Gould's contingency thesis, articulated most fully in Wonderful Life (1989), proposes that the specific outcomes of evolutionary history are not inevitable expressions of natural law but products of contingent sequences of events. His famous thought experiment: replay the tape of life from the Burgess Shale (530 million years ago), and the result would be utterly different—humans would almost certainly not evolve, mammals might not, vertebrates might not. The specific lineages dominating the modern Earth are products of specific accidents: the survival of Pikaia (modest chordate ancestor), the K-T asteroid clearing ecological space for mammals, Pliocene climate favoring bipedalism in African apes. Remove any contingency and downstream consequences cascade through subsequent history. Applied to technology, the thesis reveals that the transformer architecture, large language models, the December 2025 threshold—the entire AI landscape of 2025—is contingent on specific decisions (Vaswani team), institutions (Google Brain), economic conditions (GPU cost curves), and timing (when computation, data, architecture converged). Different contingencies would produce different AI with different capabilities, limitations, and social consequences.

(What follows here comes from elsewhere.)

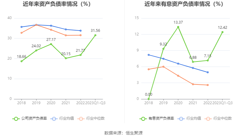 在偿债能力方面,公司2023年三季度末资产负债率为31.56%,相比上年末上升9.79个百分点;有息资产负债率为12.42%,相比上年末上升5.27个百分点。
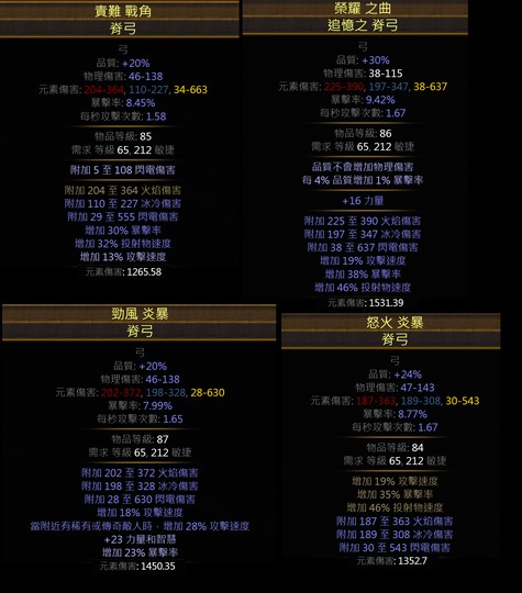 4把高階元素弓 元素DPS1265-1531 攻速/暴擊率閃電箭龍捲魔改三體光譜

The Burgess Shale fauna—preserved in exceptional detail in Canadian Rockies deposits—revealed the Cambrian explosion's extravagant diversity of body plans, most of which went extinct. Gould's analysis emphasized that survival was not determined by intrinsic superiority but by contingent fit to subsequent selection pressures. Pikaia, the unimpressive worm-like chordate, survived events that eliminated dozens of more complex, more specialized contemporaries. Had it gone extinct—a perfectly plausible outcome—the vertebrate lineage would not exist. The entire history of complex terrestrial life pivots on one organism's contingent survival.
The neural network winter provides AI's clearest punctuated equilibrium case and its deepest contingency demonstration. The mathematics of backpropagation was ready by 1970 (Linnainmaa), refined by 1974 (Werbos), published prominently by 1986 (Rumelhart et al.). The hardware was not ready, and funding—shaped by DARPA priorities, Cold War politics, and the misreading of Minsky and Papert's Perceptrons—dried up. Twenty years of potential development was lost. Had the winter not occurred, or had it ended a decade earlier, the AI landscape of 2025 would be unrecognizably different—three decades more mature, with fundamentally different capabilities.
The transformer architecture's contingency is equally sharp. The 2017 'Attention Is All You Need' paper by Vaswani and colleagues at Google Brain introduced self-attention mechanisms that replaced recurrent networks. But the specific path was paved with accidents: the team's composition, their institutional resources, the decision to dispense with recurrence entirely (not foregone even within the team), the availability of internet-scale text corpora, GPU cost curves shaped by the video game industry. Replay the tape—imagine the team disbands in 2016, or attention is combined with recurrence, or computational economics differ modestly—and the architecture dominating 2025 does not exist.
Gould's contingency thesis does not deny patterns exist—rivers flow downhill, evolution produces complexity (as statistical artifact), technology expands capability. But specific channels, body plans, architectures are determined by contingencies, not by general tendencies. The river provides momentum; the landscape shapes the channel. The specific AI we have is not the only AI we could have had. The future it produces depends on choices that inevitability myths tell us don't matter but that contingency demonstrates matter more than anything.
Contingency became Gould's organizing theme across his mature work, most fully articulated in Wonderful Life: The Burgess Shale and the Nature of History (1989). The book combined paleontological analysis with philosophical argument: the Burgess fauna demonstrated that the Cambrian explosion produced far more diverse body plans than currently exist, most went extinct for contingent rather than adaptive reasons, and replay would produce different survivors. The thesis was controversial—Simon Conway Morris and others argued convergence constrains outcomes more than Gould allowed—but the argument reshaped how the history of life is understood, emphasizing the role of accident over inevitability.
Replay the tape, get a different world. The specific outcome of any branching contingent process depends on unrepeatable event sequences—alternative sequences produce alternative outcomes.
Survival is not superiority. Organisms dominating current distribution are there not because the process aimed at them but because they survived specific contingent selection events.
The transformer's contingent ancestry. Every feature of current AI—architecture, capabilities, limitations—traces to specific decisions that might have been otherwise.
The myth of inevitability suppresses agency. If trajectory is determined, choices are decorative; if contingent, choices are constitutive of the future that emerges.
Uncertainty is signature of genuine transition. Not knowing which future will materialize is the epistemological condition of standing inside a branching event where multiple outcomes are possible.